Fast forward two decades and I suddenly really wanted to know more.

My husband and I were suffering from what Doctors called ‘unexplained infertility’ and so we underwent IVF. We asked all the wrong questions in our quest for answers and I’m not big enough to ever forgive that IVF clinic for not doing due diligence.

There really is no such thing as ‘unexplained’ or rather nothing should be ‘unexplainable’ they just hadn’t found the reason for our infertility yet.

But there it was, waiting in the side wings and a simple test, much less expensive than some of the others we did, would have revealed the cause.

A balanced translocation. A bit of one chromosome swapped with a bit on another one. A pair of odd socks, but at least a pair, or more accurately two pairs of odd socks!

People with balanced translocations often don’t have any physical symptoms (except sometimes sub or infertility) and it is estimated that as many as 1 in 500 people have a translocation of their Chromosomes. That’s an awful lot of people! It also becomes a lottery on the outcome of their offspring as they have a 50% chance of being ok (either inheriting the ‘normal’ chromosomes or getting the balanced set)  the other 50% chance is that the baby inherits either of the translocated chromosomes (the abnormal ones) and subsequently has an unbalanced set, which will affect them.

In our case that’s exactly what happened and we didn’t find out until Lucy was two days old.

So, launch us forward six years and our delightful, strong, charismatic and gorgeous daughter has taught us a thing or two about Genetics herself.

Like how being unique is not that useful for finding out information about health issues. All of those we had to find out for ourselves by asking for tests.

Children born with Down Syndrome have what’s called a ‘care pathway’. There are enough children born with that condition to warrant a list of tests to rule out possible health issues, heart problems being a major one.

I asked for Lucy to have a heart scan prior to her having hip surgery as I was worried about the effect of the anaesthetic if there were problems, I only thought to ask because of my learning about Down Syndrome.
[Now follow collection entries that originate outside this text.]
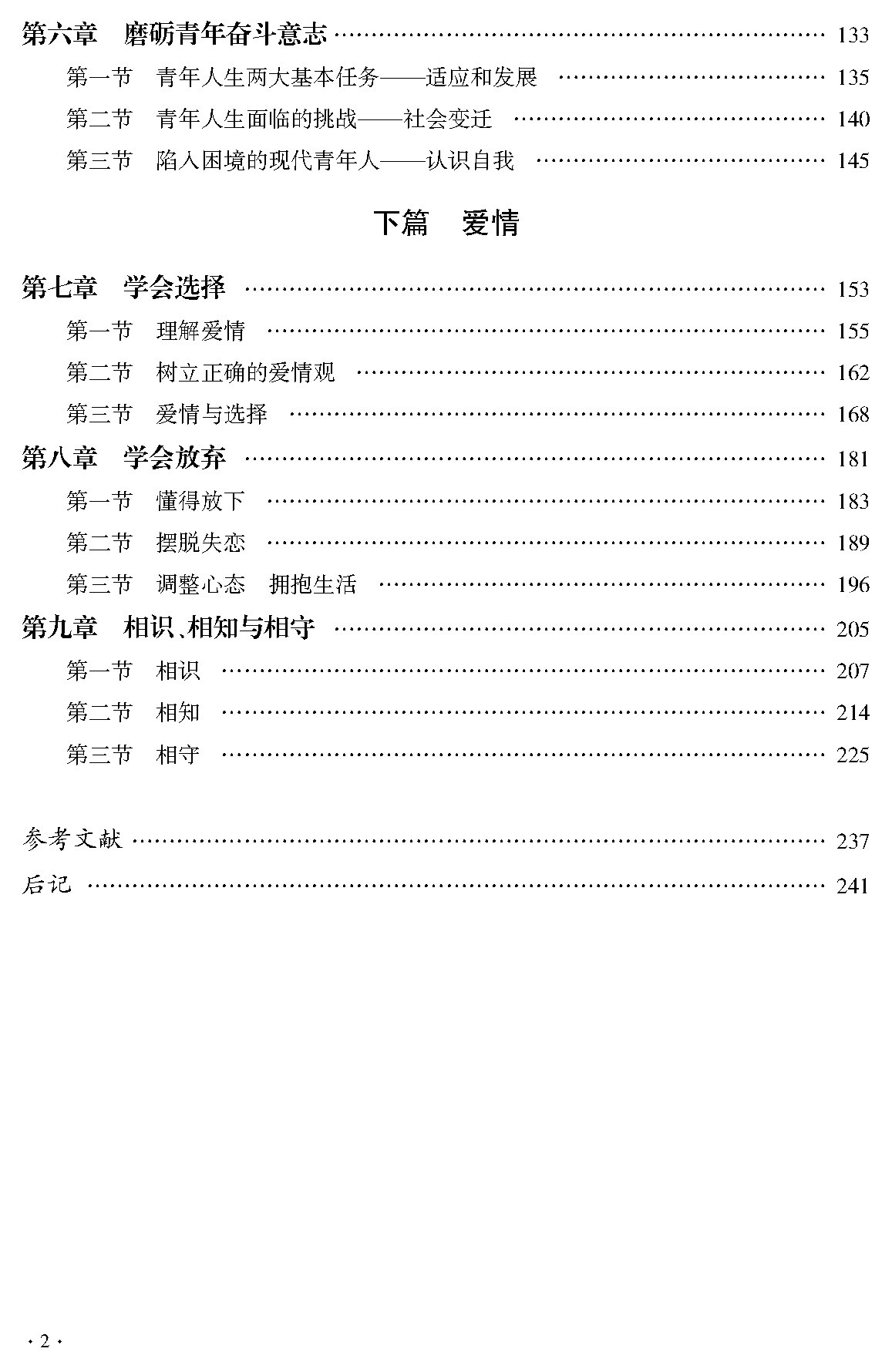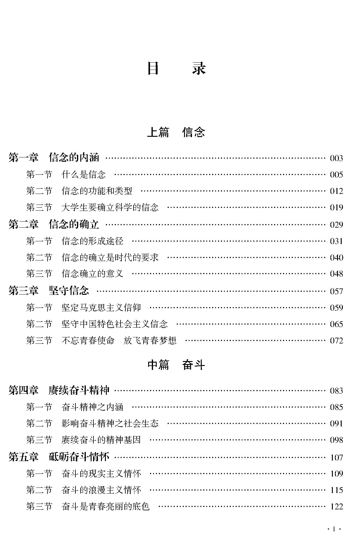“信念篇”主要讲述了信念的科学内涵和基本特征、信念的类型和确立以及当代大学生如何坚守伟大的信念;“奋斗篇”主要讲述了当下奋斗精神的内涵及影响因素,引导大学生要砥砺奋斗情怀、磨砺奋斗意志;“爱情篇”主要讲述了爱情与人生、爱情与学业的关系,引导大学生要学会正确对待爱情,学会选择和放弃,真正领悟爱情的魅力和意义。
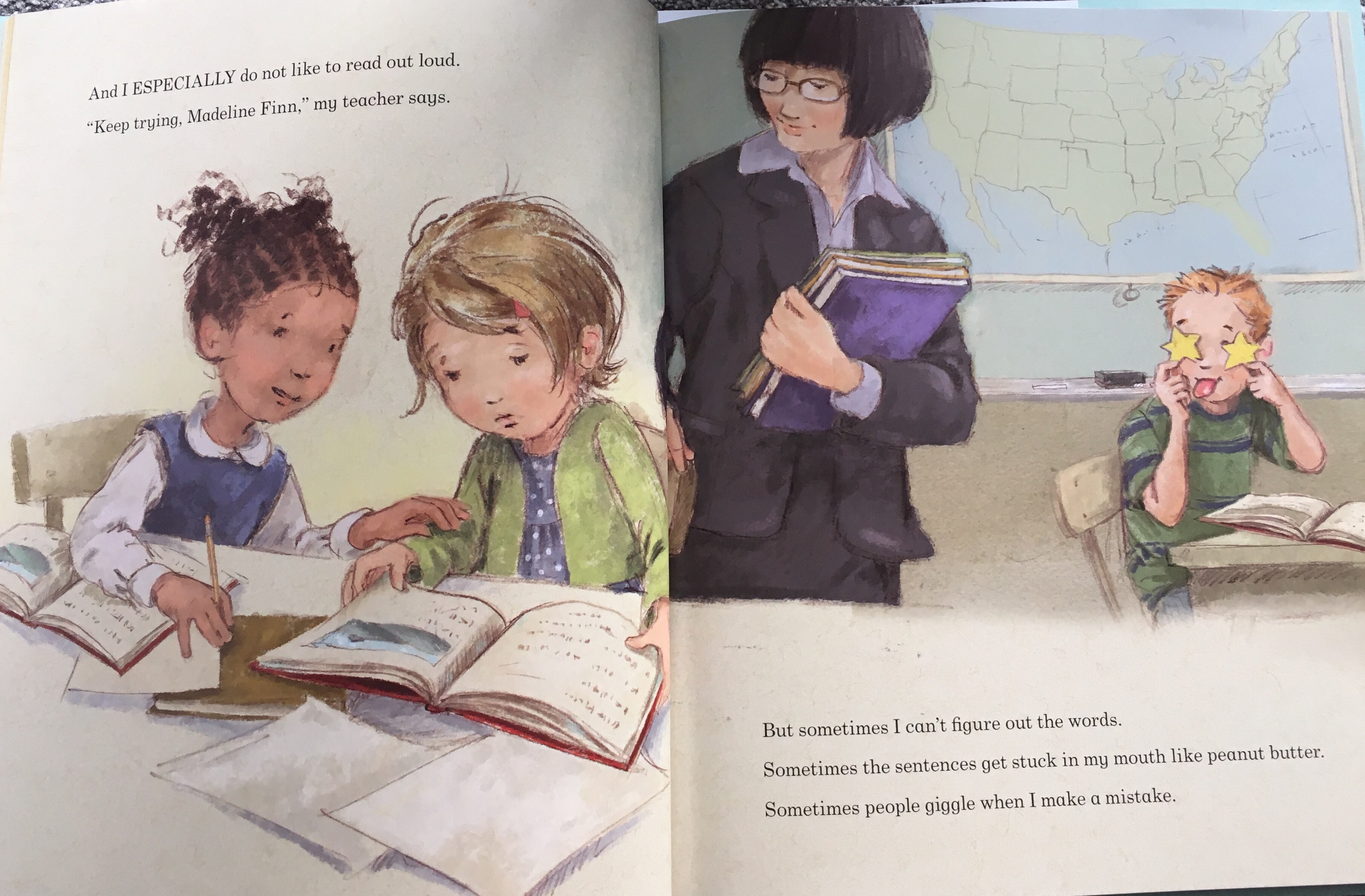 - Strategy for Dealing with Anxiety– Many children (and lets face it..adults!) find reading out loud daunting. Madeline is taught to imagine she is just reading to Bonnie (a dog), who she feels comfortable reading to. A great strategy for other children to adopt.
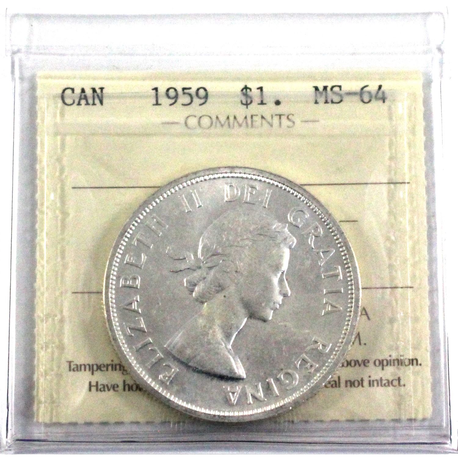 1959 Silver $1.00 ICCS Certified MS-64. A Bright coin with light toning throughout.

Guess what? She had a hole in her heart (an ASD) that grew so big that at 2 ½ years old she needed open heart surgery to sew it back together. I dread to think what would have happened had I not asked.

Similarly I asked for thyroid tests which came back as borderline and are now watched regularly.

It makes me furious that Doctors still use rarity as an excuse for ignorance or even worse apathy.

Why not be extra cautious and test every child born with a rare chromosome arrangement for at least the most common health issues?

We have also found the opposite problem, where Doctors keen to improve on their learning, probe us for information about Lucy’s genetics.

We once went to a well known children’s hospital in London for an MRI scan and were literally pounced on by a Doctor who freely admitted that she wanted to know more about Lucy for her own learning so that she could “help others like her in the future” – when I asked what she meant by this she said “you know, other kids with Downs” – I calmly pointed out that Lucy doesn’t have Down Syndrome and even if she did, that would not make her exactly the same as another child with that condition.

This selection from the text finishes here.